Die Oberfläche kann matt, poliert oder galvanisiert geordert werden, oder in einer Raw-Version ohne Oberflächenbehandlung. Mit seinem ergonomischen Design und wechselbarem Borstenkopf, dessen Grundkörper aus Silber besteht, ist die 3D-gedruckte Zahnbürste extrem langlebig, individualisierbar und signalisiert ein neues Niveau der Wertigkeit in der Anmutung. Dies wird auch durch die hochwertige Verpackung, in der das gesamte Set ausgeliefert wird, unterstrichen, die zudem mittels 3D-Kunststoffdruck hergestellt wird.
Das neue Produkt aus dem Consumer-Bereich erforderte aber auch eine andere Vermarktungsstrategie mit einem eigenen Markennamen, zur Entkoppelung eines Produzenten und Vermarkters vom bisherigen Profil eines Dienstleisters. Die Idee für das Branding war dann der Name „MIO“, was zu Deutsch „Mein“ bedeutet. Keine ungewöhnliche Wahl für ein individualisierbares Luxusprodukt.

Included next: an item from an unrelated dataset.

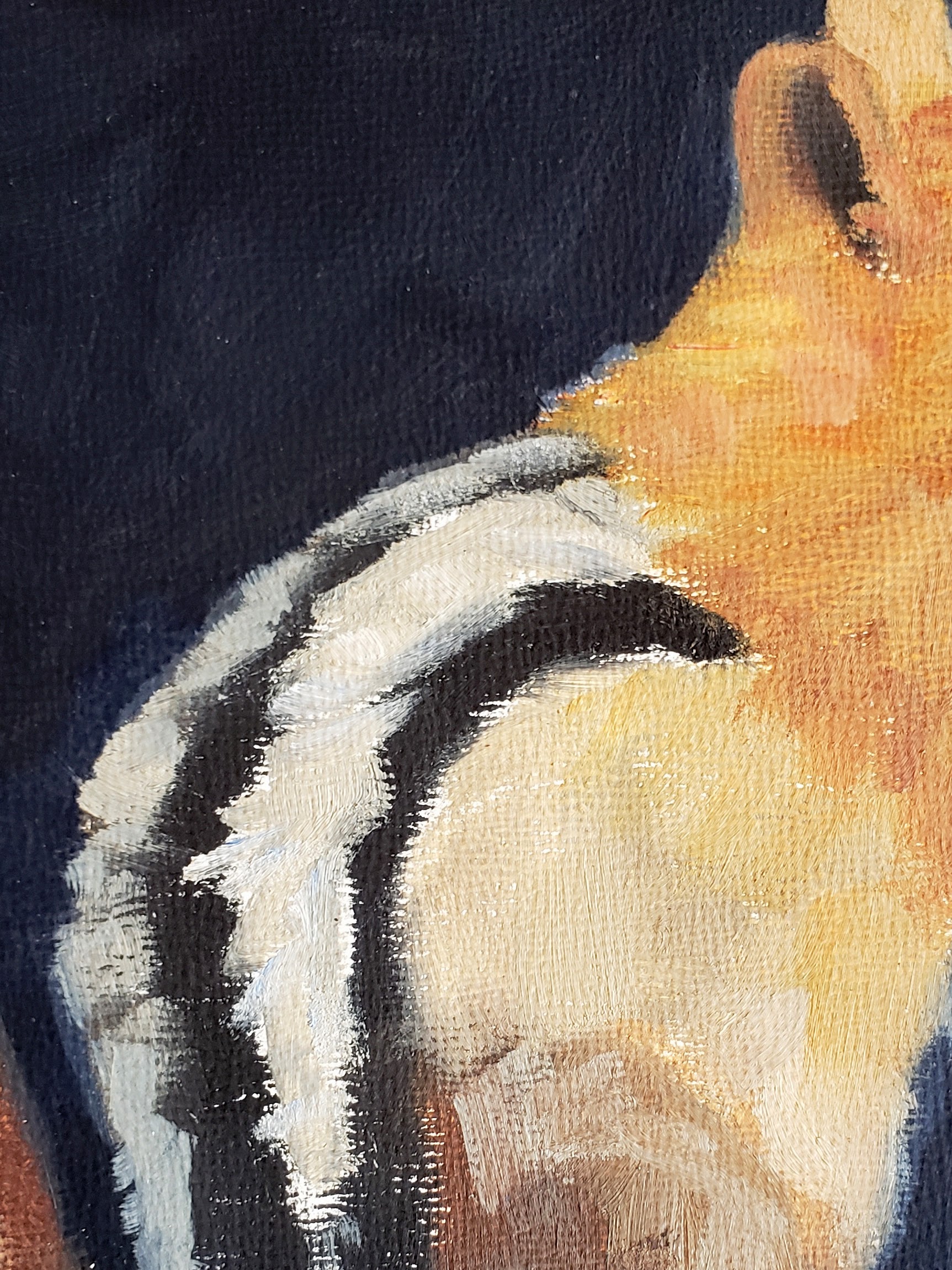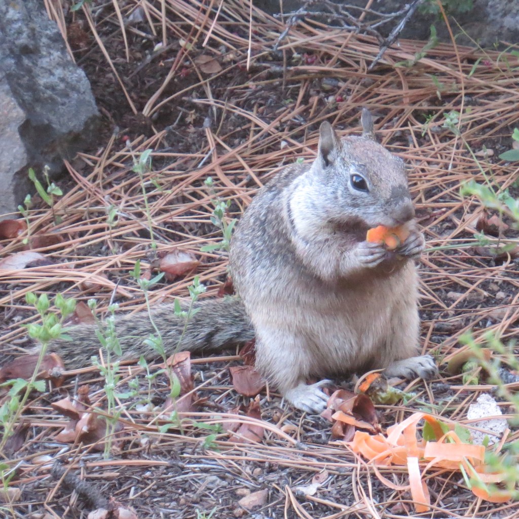 Chip is a Golden Mantle Squirrel that I feed peanuts. It has been around for two years. I enjoy its company and love sketching it. There is a constant battle with the groundies, (California Ground Squirrels) and Chip as to how the peanuts are divided up. The groundies also enjoy cuttings from vegetables which aren’t to Chips tasting. I call Chip over after scattering peanuts to the groundies, for his own supply. I painted both kinds of squirrels on 8x10in. panels and brought them to High Camp Home this week. Happy to say I met the customer who walked in and bought Chip while I was there, and then decided to purchase Dale too!

Im September 2017 ist der Verkaufsstart erfolgt. Bei erfolgreicher Markteinführung kann man sich bei Zare auch vorstellen, dass die geschaffene Marke zukünftig weitere AM-Luxusprodukte umfassen wird. In jedem Falle zeigt die „Bauchentscheidung“ von Zare schon heute eines ganz klar: Es geht beim 3D-Metalldruck darum, die Kreativität von Design und Geometrie in neue Produkte und neue Funktionalitäten umzusetzen.
Concept Laser bei Zare
Als Zare im Jahr 2013 in den 3D-Metalldruck eingestiegen ist, wollte das Unternehmen die manchmal negativen Erfahrungen mit Dienstleistern in puncto Qualität und Oberflächengüte möglichst vermeiden. Durch den Vertriebspartner Ridix von Concept Laser in Italien fand Zare den Anlagenhersteller seiner Wahl. Die positiven Erfahrungen mit der ersten Investition in eine M2-Cusing-Anlage führten zur Anschaffung einer Mlab Cusing R. Hinzu kamen bald drei weitere M2 Cusing Multilaser und schließlich eine X Line 2000R, um auch sehr große Teile anbieten zu können. Von Anfang an war die Verlässlichkeit der M2 bei Zare sprichwörtlich. Gelobt wurde auch das besonders gute Handling durch die Concept-Laser-typische Trennung von Prozessstufe und Handling-Stufe, vor allem, es ging ja auch um die Verarbeitung von reaktivem Titan, unter Sicherheitsaspekten.
Andrea Pasquali kommentiert: „Auf anderen am Markt verfügbaren Maschinen dauerte ein Materialwechsel, und der ist bei uns nichts Ungewöhnliches, sehr lange und zudem war er kompliziert. Wollten wir flexibel in der Produktion sein, dann waren Materialwechsel wirtschaftlich nur auf den Maschinen von Concept Laser möglich. Diese Maschinen sind sehr viel einfacher einsetzbar und bieten deutlich mehr Flexibilität und Sicherheit als andere Maschinen, die wir kennen.“
Aber auch auf anderen Feldern der Verfahrenstechnik wusste Concept Laser bei Zare zu überzeugen, wie etwa bei der Oberflächengüte. Bei den ursprünglichen Dienstleistern gab es hier immer wieder Enttäuschungen. Auf den Maschinen von Concept Laser war dies schon bei der ersten Anlage deutlich besser. Die ohnehin sehr gute Oberflächengüte konnte durch die Umstellung auf eine 3D-Optik gesteigert werden. Als vorteilhaft erweist sich auch die erhöhte Flexibilität durch die Möglichkeit einer variablen Laserspoteinstellung. Bei den neuesten drei Maschinen in Multilaser-Ausführung wurde die Produktivität nochmals deutlich gesteigert, wie Andrea Pasquali bestätigt: „Die M2 Cusing Multilaser eröffnet uns ganz andere Aufbaugeschwindigkeiten. Je nach Bauteilgeometrie und Werkstoff liegt hier die Steigerung der Produktivität bei 30 bis 40 Prozent.“ jbi
Autor: Guido Radig ist Fachjournalist in Weichs (Deutschland).